Saturday, September 09, 2006

My Trip to Pittsburgh, the economy, and the strike

As readers of Steve Krause's blog know well, EMU faculty are now in day 9 of our strike. I cannot begin to express how distressing this is. EMU is a fantastic place to work, and I feel confident - still - that when this is resolved it will remain a fantastic place to work. We have great faculty colleagues, a terrific new department head, a great dean (who is right now the head of the administrative negotiating team), a provost who cares... it's a great place. The problem is at the very tippy-top, and I hope the many layers between us and that layer stay in place.

But I'm just back from Pittsburgh, where I participated in a symposium sponsored by Bedford-St. Martins, publishers extraordinaire (and I mean that). I was doing a workshop on assessment that focused on identifying projects with the current national situation and the public policy issues stemming from that situation well in mind. It was a lot of fun - great conversations, smart folks. It was kind of ironic, being there and talking about all of this stuff with this strike going on.

While I was travelling, I had conversations with two Northwest flight attendants (barred by court injunction from striking; dealing with a 40% pay cut over the last few years, working for an airline that seems determined to drive its workers into the ground); a Northwest ticket agent (jobs being phased out after the holiday travel season; they will be 'replaced' by those automatic boarding-pass-issuing machines and a few outsourced workers); a cab driver whose wife worked for U.S. Air (union refused a contract with a moderate pay cut; jobs were eliminated and moved to Santo Domingo); and the driver of the shuttle to the airport parking lot where I left my car (non-unionized, working for $6.00/hour, can't leave the parking lot to eat lunch). I'm not sure where all of these conversations left me, apart from depressed. Our strike situation sucks, but I don't think we're in quite the same boat as these folks. Then again, it's the stinking Bush economy that's landed us all in this situation if you want to put it in really, really, really big picture terms. I'm trying not to be morose about all of this - and I did decide as I was getting on the plane from Pittsburgh to fly home that I just have to be very zen and trust that things will work out, short and long-term, but it's an incredibly difficult situation.

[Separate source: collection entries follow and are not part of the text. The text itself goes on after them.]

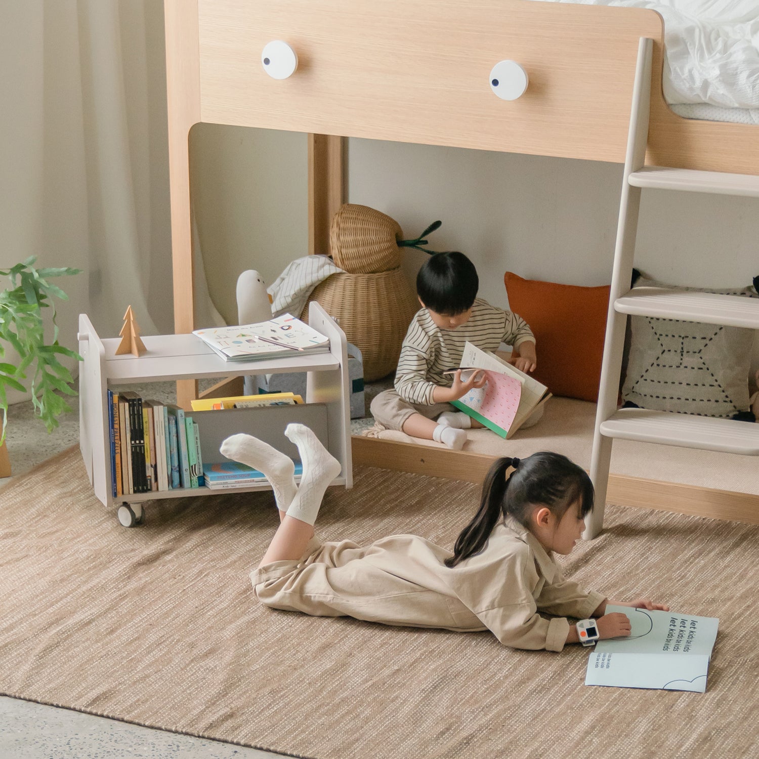 Bring their reading world to life! This bookshelf moves effortlessly across any room with its smooth, silent, and lockable wheels. Designed at the perfect height for a child, it puts their favourite books within easy reach, fostering a love for reading on their own terms.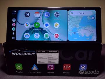 Sistema Infotainment portatile WONSIDARY compatibile con tutti gli autoveicoli - Schermo tattile IPS da 10 Pollici con risoluzione 1600x600 Pixel - Connessione Wireless BLUETOOTH con iPhone e Smartphone Android - Funzione CARPLAY e ANDROID AUTO - Navigazione GPS e assistente vocale integrato - Comandi vocali con SIRI e GOOGLE - Telefonia e messaggistica WhatsApp - Youtube - Spotify - Audio Stereo locale e interfacciamento audio con l'autoradio originale dell'autoveicolo - Riproduzione contenuti multimediali tramite scheda MicroSD - Kit di montaggio completo nella confezione.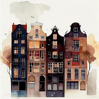 Dit waterverf schilderij is een prachtige weergave van de charmante architectuur van Amsterdam. Het toont de grachtenpanden in vrolijke en aardse kleuren. Het minimalistische ontwerp benadrukt de elegantie van het gebouw en de rijke details, en zorgt voor een opvallende aanvulling op elke muur. Dit schilderij is een prachtige ode aan de historische schoonheid van de stad Amsterdam.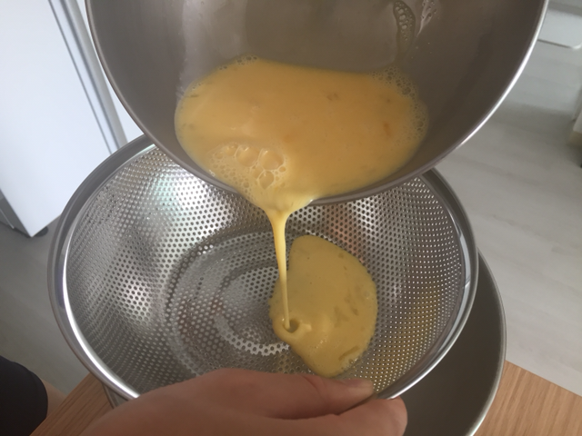 계란물을 채에 한번 걸어준다. 건더기나 이물들이 걸러져 더 부드러운 오믈렛을 만들수 있다(뇌피셜).

Meanwhile, I wrote an e-mail - at about 7 this morning, before I'd had any coffee - to John Fallon. Because it was so stinking early (and I was writing this in the lobby of the Pittsburgh Holiday Inn), I forgot to send myself a copy - and I was working on our webmail system, which doesn't save messages. But the gist of the thing was that as a faculty member in comp/rhet., where our jobs involve communicating with various audiences and helping students learn to do same, this situation is anethema; that our students are suffering enormously; that all the administration has to do is come back and *talk*, for goodness sake, and we could probably have this thing wrapped up. But I'm not sure they want it wrapped up. They haven't even sought a court injunction to get people back in the classroom, which is a move that I think many - maybe all - of the faculty would *love.*

Tomorrow, picketing around the EMU mansion. Of course, it's surrounded by security fences... but maybe it will make a difference. Hopefully. I hope.

1 Comments:

Blogger Steven D. Krause said...

Hey Linda-- check your "sent mail" folder on mail.emich.edu. That message should be there if that's what you used to send the message.